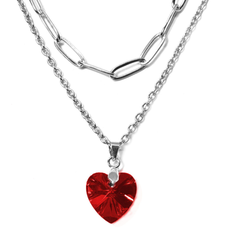 1 kép Dupla rozsdamentes acél nyaklánc ezüst színben, piros kristály szív medállal
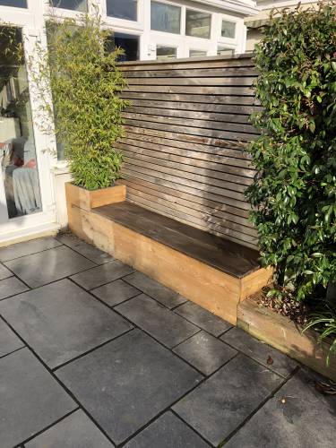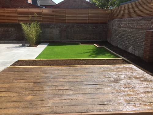 Design, build, natural stone and slabs, raised beds in brick or sleepers, lawns, artificial turf, wooden and composite decking, all types of fencing, bespoke seating, general gardening tidies, mowing, lawn care and maintenance.
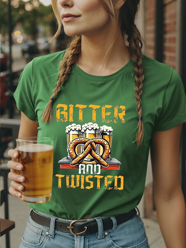 More information about Oktoberfest Women's T Shirt Graphic Letter Vintage Stylish Classic Short Sleeve Crew Neck Regular Tops Daily Weekend Print Black Blue Purple Green Summer Spring
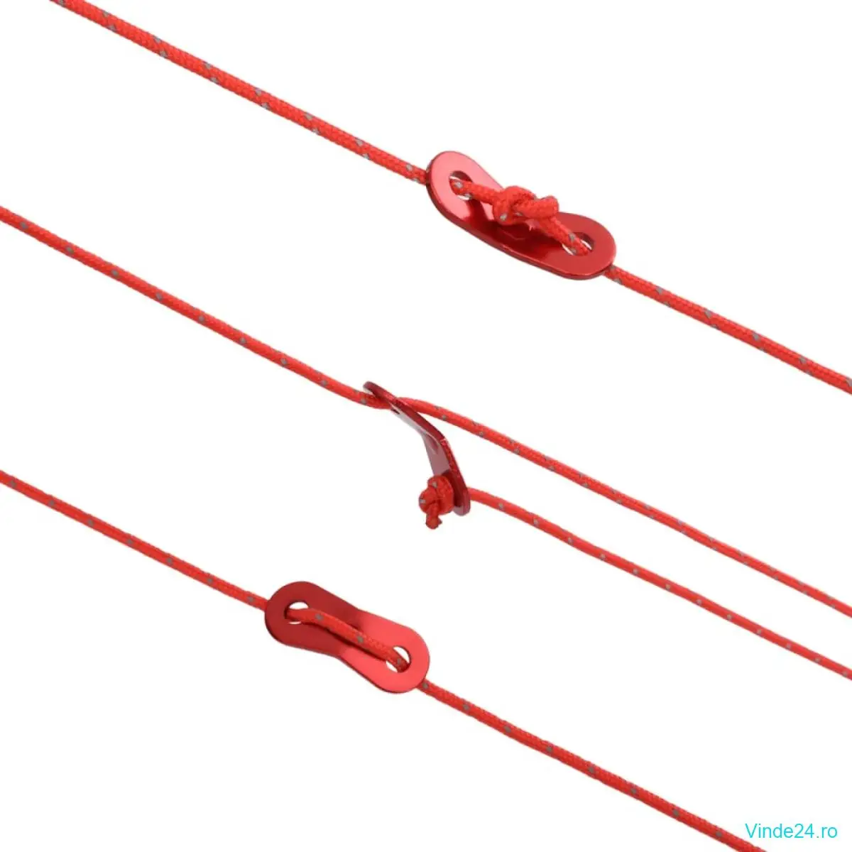 - Design practic: Dispozitivele de pretensionare din aliaj de aluminiu, cu un design cu 2 orificii, servesc la fixarea frânghiei împotriva vântului și la reglarea lungimii acesteia, făcându-le perfecte pentru blocarea frânghiei pe loc și pentru prevenirea oricărei alunecări nedorite. Acest lucru este extrem de practic și convenabil pentru activitățile dumneavoastră în aer liber.
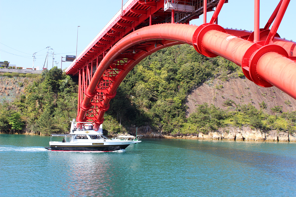 天草には大小120あまりの島々が点在し、その中でも特に天草五橋の天門橋(1号橋)から松島橋(5号橋)までの国道266号線沿いは天草パールラインと呼ばれています。ゆいの旅では、水戸岡鋭治デザインの貸切クルーザーで天草松島の絶景を爽快に巡る船旅をお楽しみください。
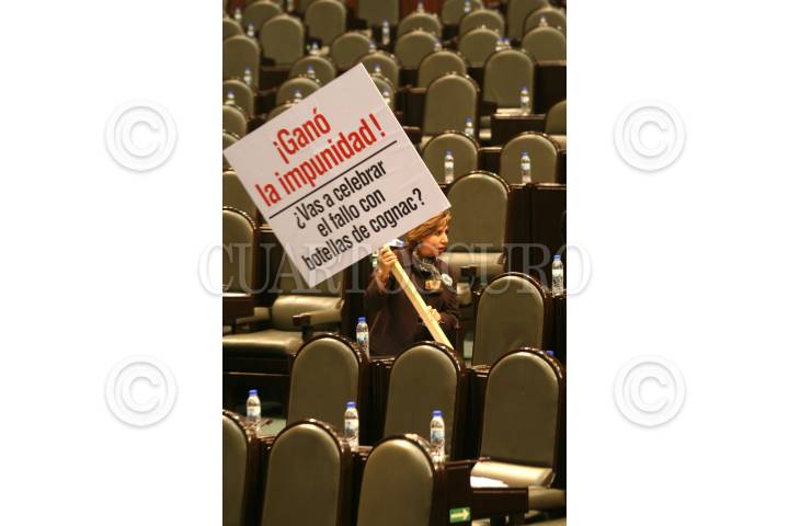 MÉXICO D.F. 04DICIEMBRE2007.-Diputado del Partido Nueva Alianza, muestran unas pancartas con diversas leyendas, esto por fallo de la Suprema Corte de Justicia en el caso de la periodista Lydia Cacho.En la imagen la diputa Irma Piñeiro. FOTO:GUILLERMO PEREA/CUARTOSCURO.COM

────────────────────────────────────────

## Required work
Using the records above, return word for word the lines that begin at the one containing "Design, build, natural" and end at the one containing "天草には大小120あまりの島", both of them included and no pictures.

## Answer to the exercise
 Design, build, natural stone and slabs, raised beds in brick or sleepers, lawns, artificial turf, wooden and composite decking, all types of fencing, bespoke seating, general gardening tidies, mowing, lawn care and maintenance.
 More information about Oktoberfest Women's T Shirt Graphic Letter Vintage Stylish Classic Short Sleeve Crew Neck Regular Tops Daily Weekend Print Black Blue Purple Green Summer Spring
 - Design practic: Dispozitivele de pretensionare din aliaj de aluminiu, cu un design cu 2 orificii, servesc la fixarea frânghiei împotriva vântului și la reglarea lungimii acesteia, făcându-le perfecte pentru blocarea frânghiei pe loc și pentru prevenirea oricărei alunecări nedorite. Acest lucru este extrem de practic și convenabil pentru activitățile dumneavoastră în aer liber.
 天草には大小120あまりの島々が点在し、その中でも特に天草五橋の天門橋(1号橋)から松島橋(5号橋)までの国道266号線沿いは天草パールラインと呼ばれています。ゆいの旅では、水戸岡鋭治デザインの貸切クルーザーで天草松島の絶景を爽快に巡る船旅をお楽しみください。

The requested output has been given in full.